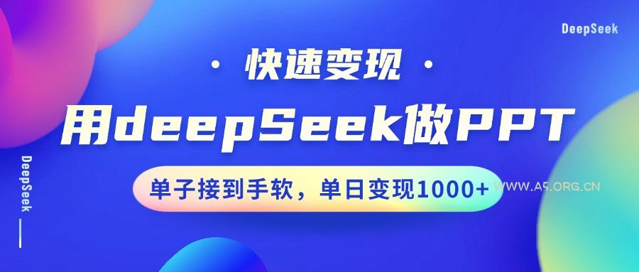 2025-02-24 网赚项目 / 资源教程 用DeepSeek做PPT,快速变现,单子接到手软,单日变现1000+ by 三五一十八 从 DeepSeek发布的那一刻起,我就意识到这不仅仅是一个普通的 AI 工具,而是一个有可能改变我们生活方式的革命性产品。今天教大家用DeepSeek做PTT来变现,以前做ppt至少要3个小时以上,现在用这个DeepSeek,一个工具10分钟就可以搞定,快速接单变现。 课程目录: 01项目介绍 02项目准备 03项目实操 04变现方式
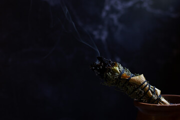 Flat lay various kinds of air element objects to use in witchcraft and wicca on witch's altar filled with sage smudge sticks, incense, Palo Santo tree, frankincense, charcoal disks for smoke cleansing
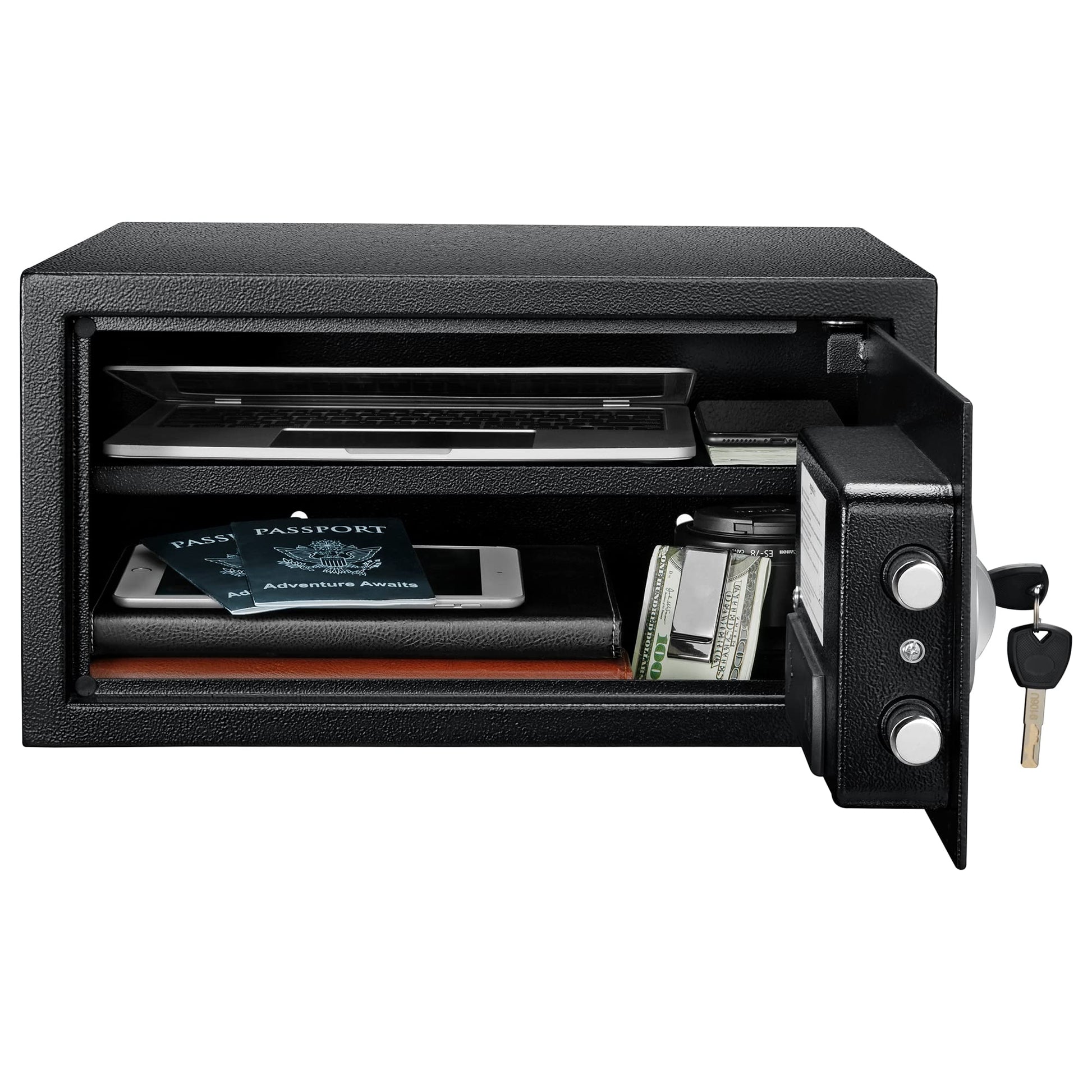 - 1-cubic-foot security safe with electronic lock and 2 emergency override keys
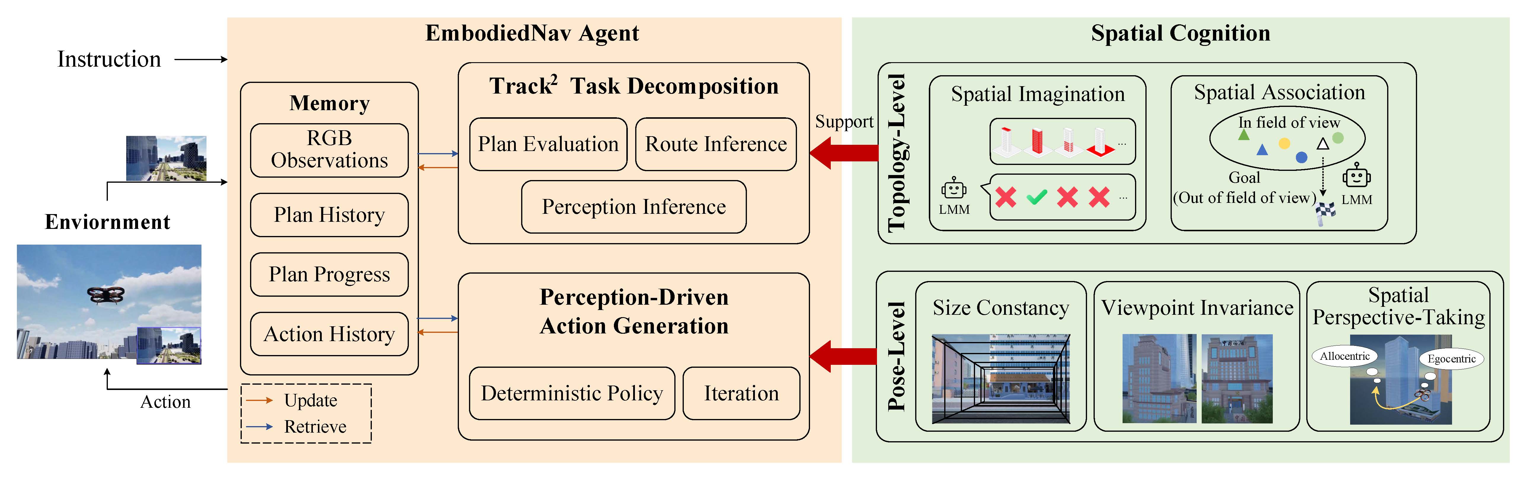 Asking an aerial agent to navigate to any location without providing a specific route in an unseen environment autonomously is one of the fundamental tasks in embodied artificial intelligence. However, embodied navigation in low-altitude urban spaces is understudied, with aerial agents facing significant perception and reasoning challenges due to open-ended three-dimensional spaces and partial observations. To fill this gap, we propose EmbodiedNav, a large multimodal model-empowered agent composed of three modules: Track^2 Task Decomposition, Perception-Driven Action Generation, and Memory. These modules are built on spatial cognition: the imagination and associative ability for macro-level spatial topology, and the acquisition of micro-level spatial positioning through size consistency, viewpoint invariance, and spatial perspective-taking. Our formulation mimics how humans navigate using only RGB visual information, without relying on maps, odometers, or depth inputs. Experimental results demonstrate the potential of our agent in urban aerial embodied navigation.
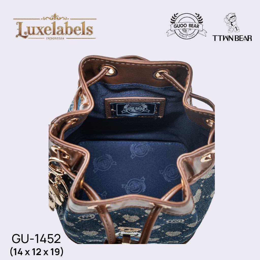 Luxelabels - GUOO Bear Tas Bucket Serut Wanita Ukuran S Tas Selempang Motif Beruang
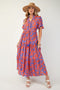 Blue Patchwork Print Shoulder Tie Tiered Maternity Maxi Dress
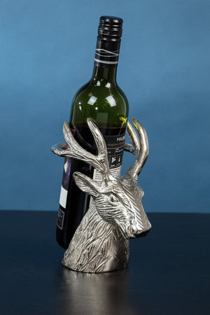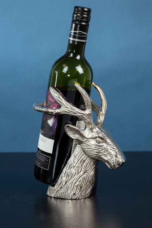 Silver stag head design wine bottle holder from the Atticus & Stone collection at Carraig Donn. A stunning table centre piece.
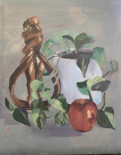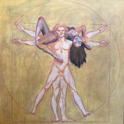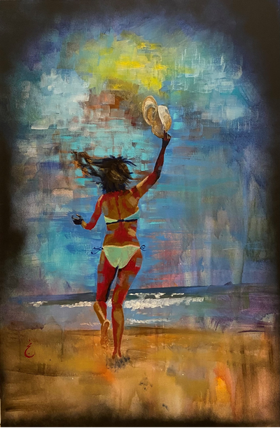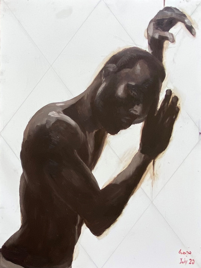 Before creating this piece, I drew parallel lines to give myself a guidance for the figure’s angles and the content of the painting. By the end, I left the lines to add depth to the painting; hence the name, parallel space.
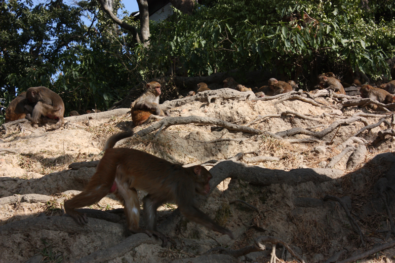 Bu tepede sadece stupa ve Hint tapınağı yok, yüzlerce sayıda bu stupa ve Hint Tapınağının ufak replikaları yer alıyor. Bir çoğunun tepesinde ise maymunlar dolaşıyor.

◇ ◇ ◇

# Exercise description
Return all entries preceding this task exactly as they stand, leaving any picture out.

# Answer to this exercise
 2025-02-24 网赚项目 / 资源教程 用DeepSeek做PPT,快速变现,单子接到手软,单日变现1000+ by 三五一十八 从 DeepSeek发布的那一刻起,我就意识到这不仅仅是一个普通的 AI 工具,而是一个有可能改变我们生活方式的革命性产品。今天教大家用DeepSeek做PTT来变现,以前做ppt至少要3个小时以上,现在用这个DeepSeek,一个工具10分钟就可以搞定,快速接单变现。 课程目录: 01项目介绍 02项目准备 03项目实操 04变现方式
 Flat lay various kinds of air element objects to use in witchcraft and wicca on witch's altar filled with sage smudge sticks, incense, Palo Santo tree, frankincense, charcoal disks for smoke cleansing
 - 1-cubic-foot security safe with electronic lock and 2 emergency override keys
 Asking an aerial agent to navigate to any location without providing a specific route in an unseen environment autonomously is one of the fundamental tasks in embodied artificial intelligence. However, embodied navigation in low-altitude urban spaces is understudied, with aerial agents facing significant perception and reasoning challenges due to open-ended three-dimensional spaces and partial observations. To fill this gap, we propose EmbodiedNav, a large multimodal model-empowered agent composed of three modules: Track^2 Task Decomposition, Perception-Driven Action Generation, and Memory. These modules are built on spatial cognition: the imagination and associative ability for macro-level spatial topology, and the acquisition of micro-level spatial positioning through size consistency, viewpoint invariance, and spatial perspective-taking. Our formulation mimics how humans navigate using only RGB visual information, without relying on maps, odometers, or depth inputs. Experimental results demonstrate the potential of our agent in urban aerial embodied navigation.
 Luxelabels - GUOO Bear Tas Bucket Serut Wanita Ukuran S Tas Selempang Motif Beruang
 Blue Patchwork Print Shoulder Tie Tiered Maternity Maxi Dress
 Silver stag head design wine bottle holder from the Atticus & Stone collection at Carraig Donn. A stunning table centre piece.
 Before creating this piece, I drew parallel lines to give myself a guidance for the figure’s angles and the content of the painting. By the end, I left the lines to add depth to the painting; hence the name, parallel space.
 Bu tepede sadece stupa ve Hint tapınağı yok, yüzlerce sayıda bu stupa ve Hint Tapınağının ufak replikaları yer alıyor. Bir çoğunun tepesinde ise maymunlar dolaşıyor.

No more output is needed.